Without pip install

Precondition

First of all, you need to obtain the BigDL libs. Refer to Install from pre built or Install from source code for more details

Remark

Only Python 2.7, Python 3.5 and Python 3.6 are supported for now.
Note that Python 3.6 is only compatible with Spark 1.6.4, 2.0.3, 2.1.1 and 2.2.0. See this issue for more discussion.

Set Environment Variables

Set BIGDL_HOME and SPARK_HOME

If you download BigDL from the Release Page

export SPARK_HOME=folder path where you extract the spark package
export BIGDL_HOME=folder path where you extract the bigdl package

If you build BigDL by yourself

export SPARK_HOME=folder path where you extract the spark package
export BIGDL_HOME=the dist folder generated by the build process, which is under the top level of the source folder

Update spark-bigdl.conf (Optional)

If you have some customized properties in some files, which is used with the --properties-file option in spark-submit/pyspark, add these customized properties into ${BIGDL_HOME}/conf/spark-bigdl.conf.

Run with pyspark

${BIGDL_HOME}/bin/pyspark-with-bigdl.sh --master local[*]

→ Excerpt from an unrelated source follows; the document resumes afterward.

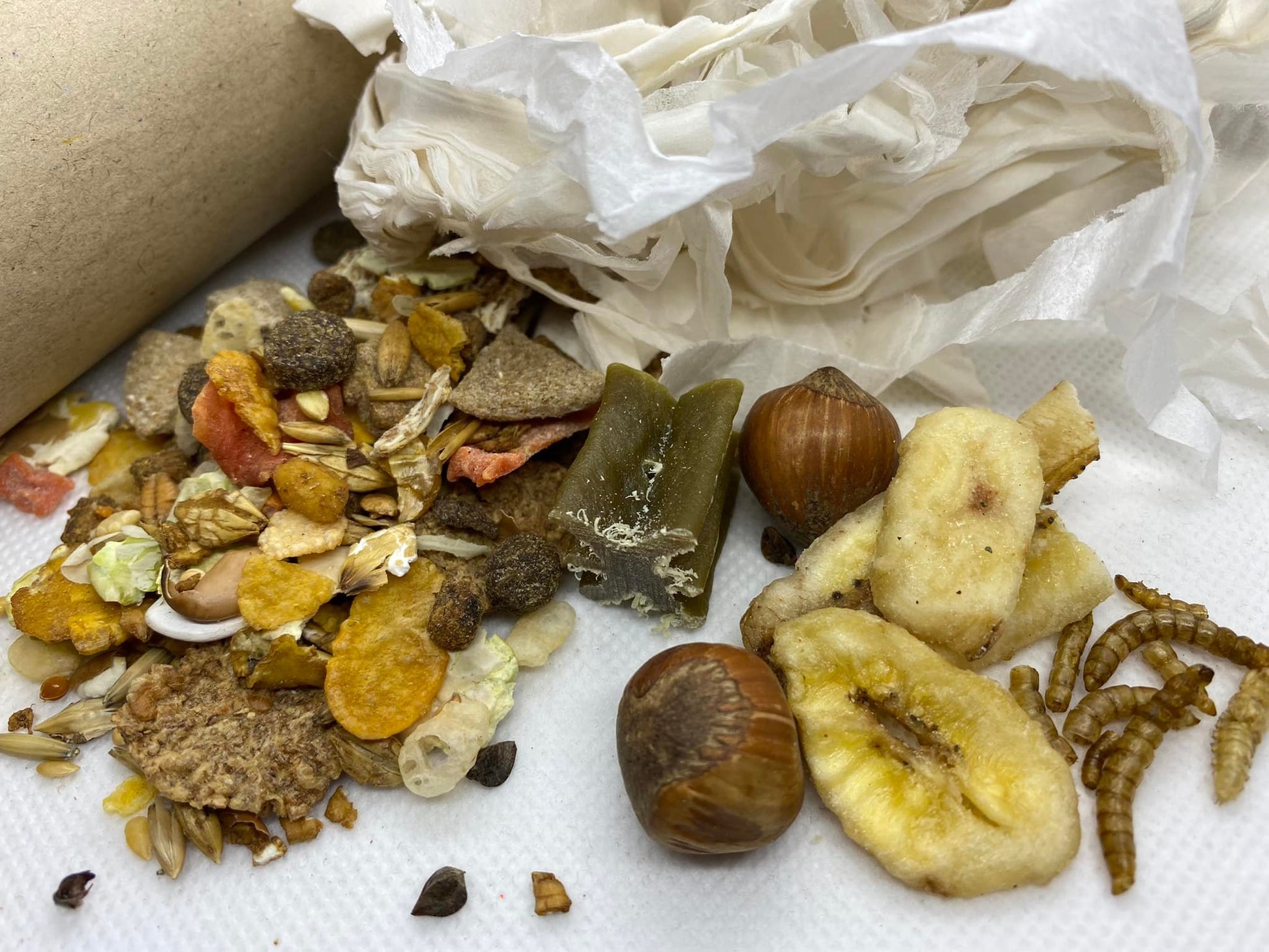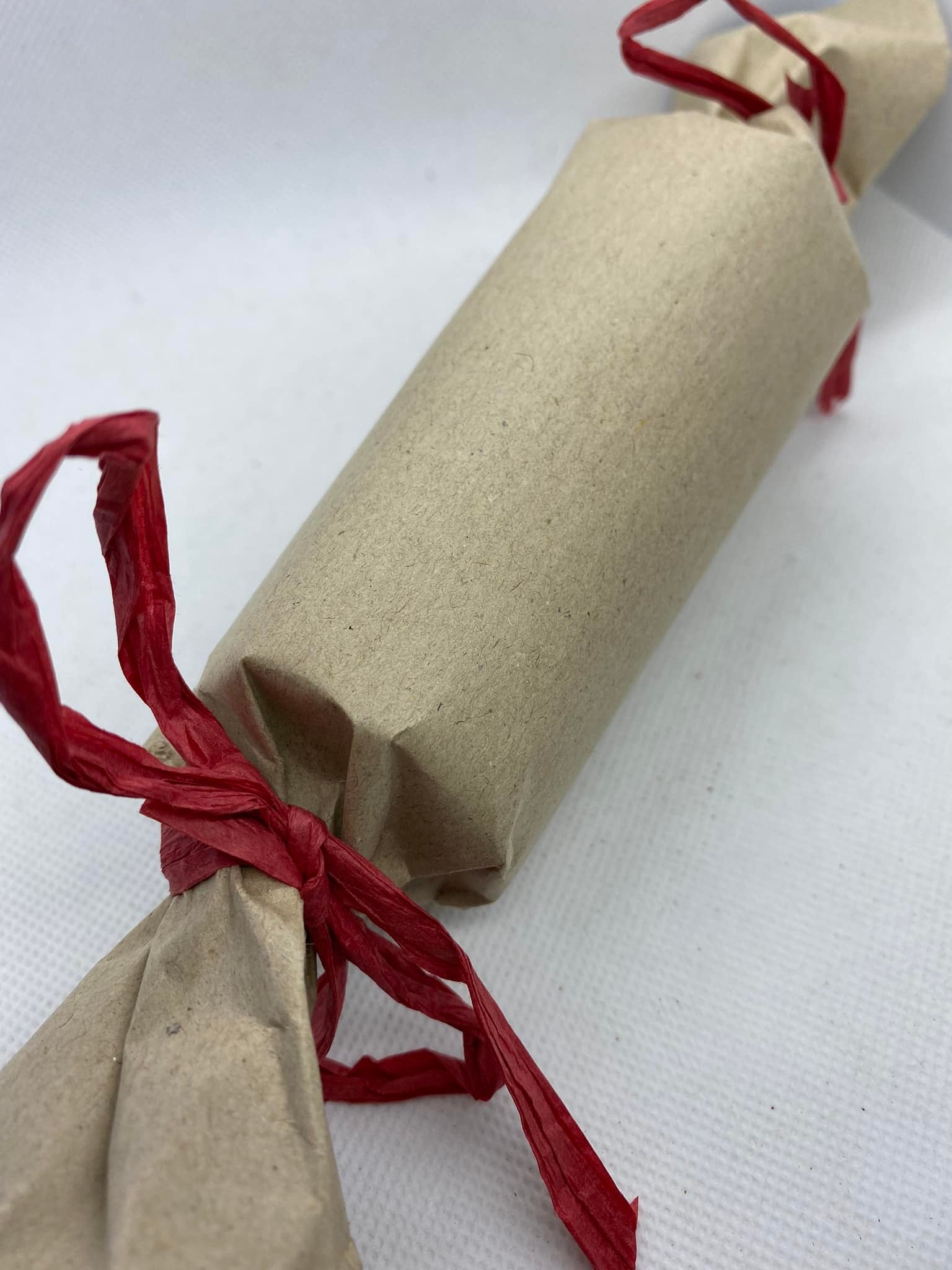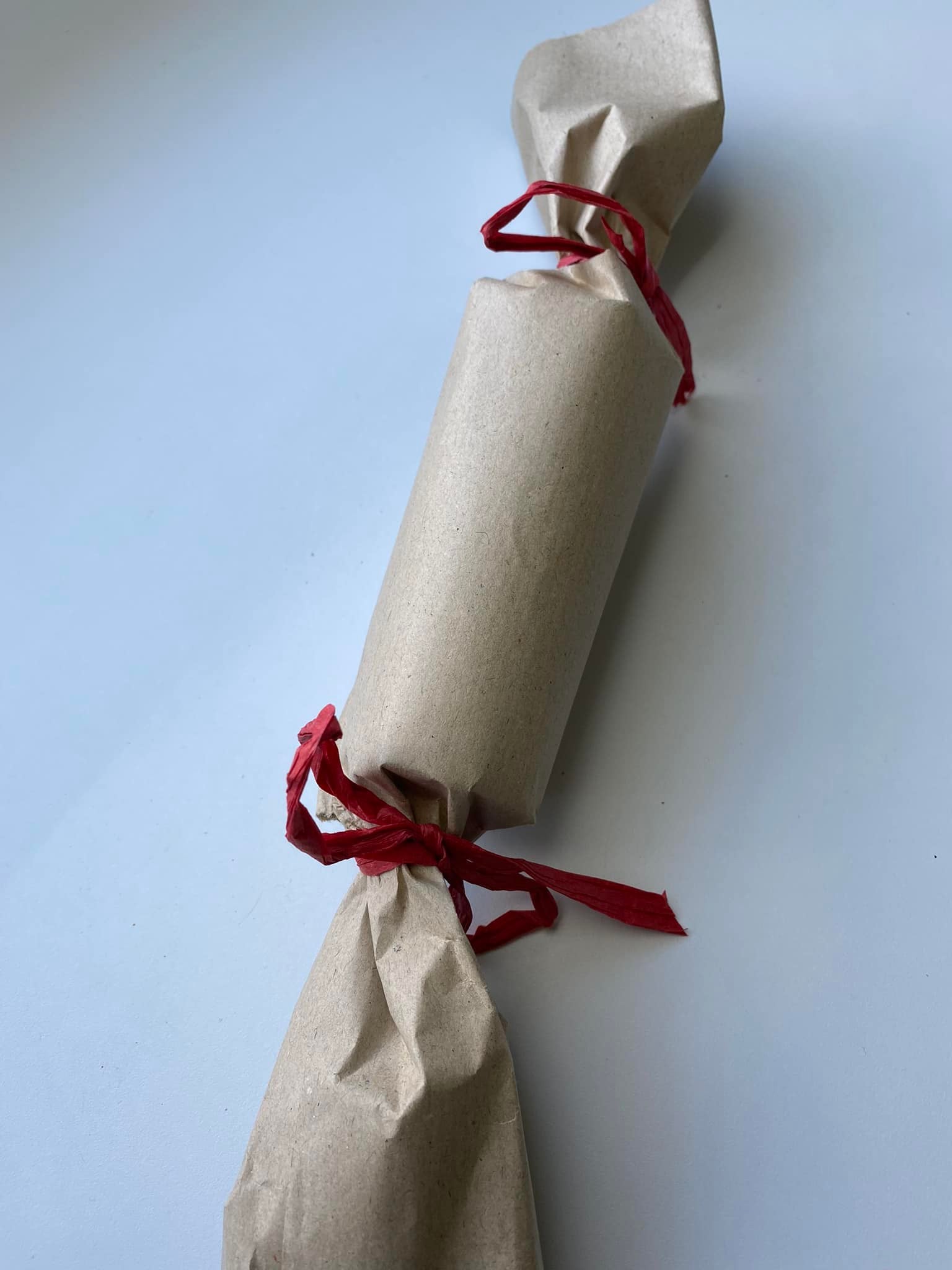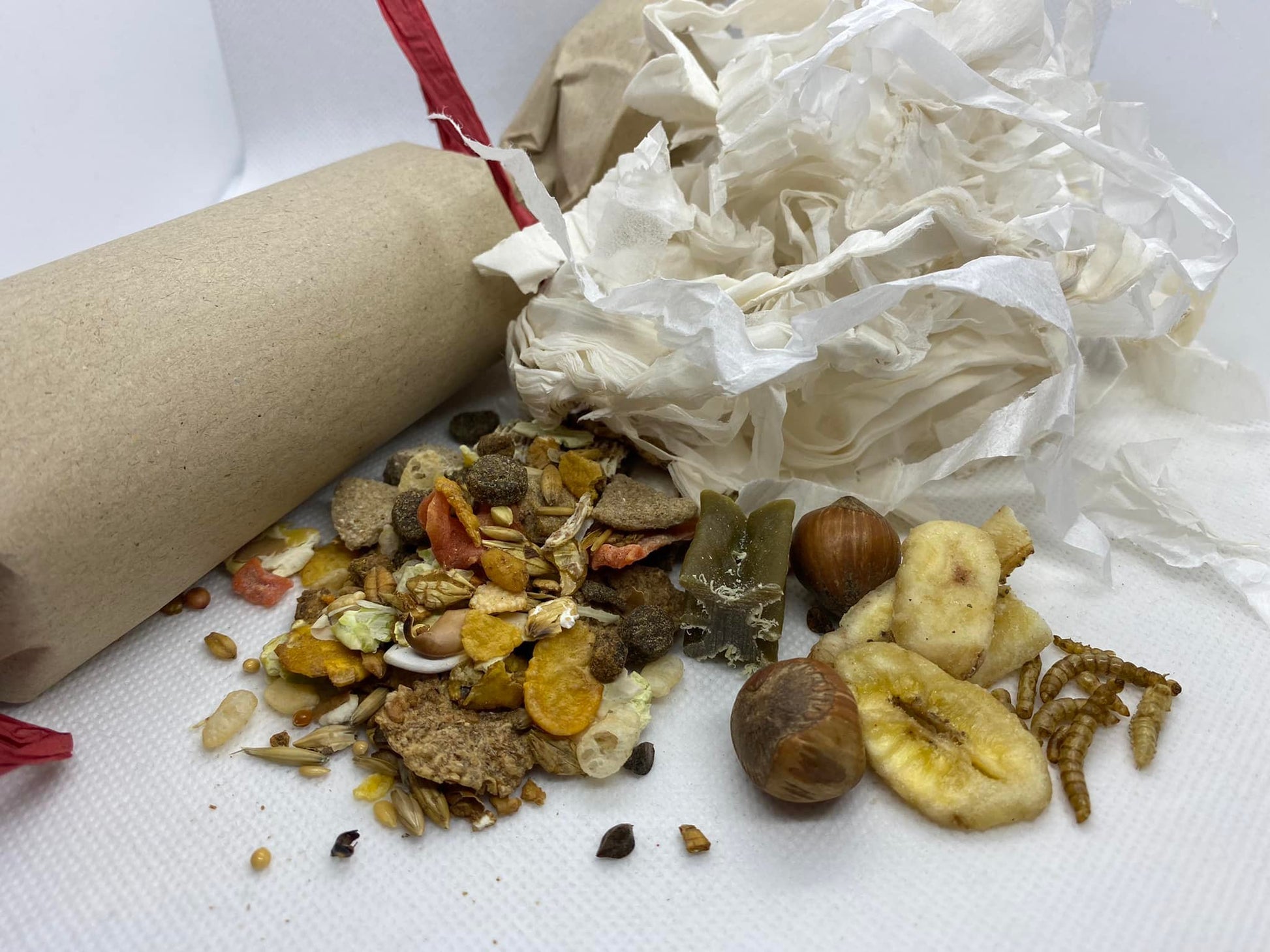 A cardboard tube that is filled with pet safe bedding, whimzee slice, banana chips, shelled nuts, mealworms and my home made rat mix. Wrapped in layers of brown paper and finished with coloured paper ribbon bows.
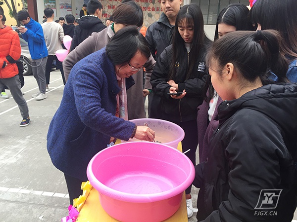 各个活动现场,热情洋溢、笑声不断。“左一点,再右边一点,快敲……”参加“盲人贴五官”的同学们,蒙上双眼,8米开外,在众人的“怂恿”下缓缓走向终点。有的走近了,有的走偏了,有的贴左了贴右了,贴啊贴,怎么也贴不好;“夹珠子”现场,同学们用筷子在水中捞了捞,怎么也夹不起来玻璃弹球,真是心急吃不了热豆腐.....每通过一个项目,工作人员就会给获胜者送上一张奖券,不一会儿,领奖区就排起了长长的队伍。

Example code to verify if BigDL can run successfully

Run with spark-submit

A BigDL Python program runs as a standard pyspark program, which requires all Python dependencies (e.g., NumPy) used by the program to be installed on each node in the Spark cluster. You can try running the BigDL lenet Python example as follows:

${BIGDL_HOME}/bin/spark-submit-with-bigdl.sh --master local[4] lenet5.py

Run with Jupyter

With the full Python API support in BigDL, users can use BigDL together with powerful notebooks (such as Jupyter notebook) in a distributed fashion across the cluster, combining Python libraries, Spark SQL / dataframes and MLlib, deep learning models in BigDL, as well as interactive visualization tools.

Install all the necessary libraries on the local node where you will run Jupyter, e.g.,

sudo apt install python
sudo apt install python-pip
sudo pip install numpy scipy pandas scikit-learn matplotlib seaborn wordcloud

Launch the Jupyter notebook as follows:

${BIGDL_HOME}/bin/juptyer-with-bigdl.sh --master local[*]

After successfully launching Jupyter, you will be able to navigate to the notebook dashboard using your browser. You can find the exact URL in the console output when you started Jupyter; by default, the dashboard URL is http://your_node:8888/

Example code to verify if run successfully

BigDL Configuration

Please check this page

FAQ

ImportError from bigdl.nn.layer import *
- Check if the path is pointing to python-api.zip: --py-files ${PYTHON_API_ZIP_PATH}
- Check if the path is pointing to python-api.zip: export PYTHONPATH=${PYTHON_API_ZIP_PATH}:$PYTHONPATH
Python in worker has a different version 2.7 than that in driver 3.4
- export PYSPARK_PYTHON=/usr/local/bin/python3.4 This path should be valid on every worker node.
- export PYSPARK_DRIVER_PYTHON=/usr/local/bin/python3.4 This path should be valid on every driver node.
TypeError: 'JavaPackage' object is not callable
- Check if every path within the launch script is valid especially the path that ends with jar.
java.lang.NoSuchMethodError:XXX
- Check if the Spark version matches, i.e check if you are using Spark2.x but the underneath BigDL is compiled with Spark1.6.
If you want to redirect spark logs to file and keep BigDL logs in console only, call the following API before you train your model:

from bigdl.util.common import *

redire_spark_logs(log_path=file path to redirect logs to)
show_bigdl_info_logs()